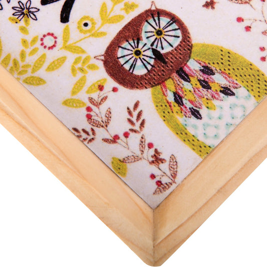 A Tiny Mistake Multicolour Owls Print Small Square Wooden Serving Tray, 18 x 18 x 2 cm
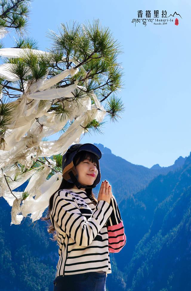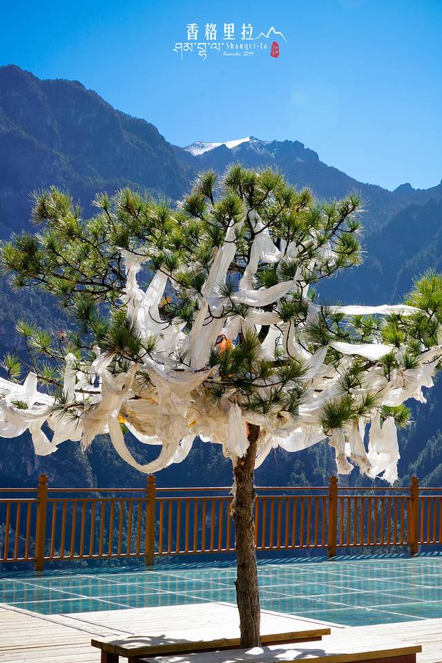 玻璃栈道观景台上还有一个被哈达缠绕的松柏,人们把吉祥如意留在了海拔3000米的雪域高原中。旁边可以租赁藏族服饰哦。
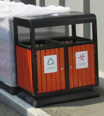社區戶外鋼木分類垃圾桶桶身細節圖
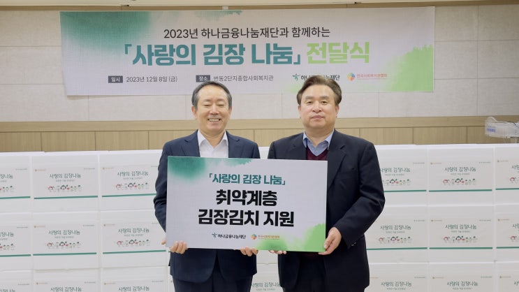 번동2단지종합사회복지관(관장 박성배)에서 한국사회복지관협회(회장 정성기)와 하나금융나눔재단(이사장 김한조)과 함께 서울지역에 거주하는 저소득 및 소외계층 2,541세대를 대상으로 ‘사랑의 김장 나눔 행사’를 진행하였다.

- - -

Images are to be skipped, and each line above is to be returned exactly.

= ANSWER =
 A Tiny Mistake Multicolour Owls Print Small Square Wooden Serving Tray, 18 x 18 x 2 cm
 玻璃栈道观景台上还有一个被哈达缠绕的松柏,人们把吉祥如意留在了海拔3000米的雪域高原中。旁边可以租赁藏族服饰哦。
社區戶外鋼木分類垃圾桶桶身細節圖
 번동2단지종합사회복지관(관장 박성배)에서 한국사회복지관협회(회장 정성기)와 하나금융나눔재단(이사장 김한조)과 함께 서울지역에 거주하는 저소득 및 소외계층 2,541세대를 대상으로 ‘사랑의 김장 나눔 행사’를 진행하였다.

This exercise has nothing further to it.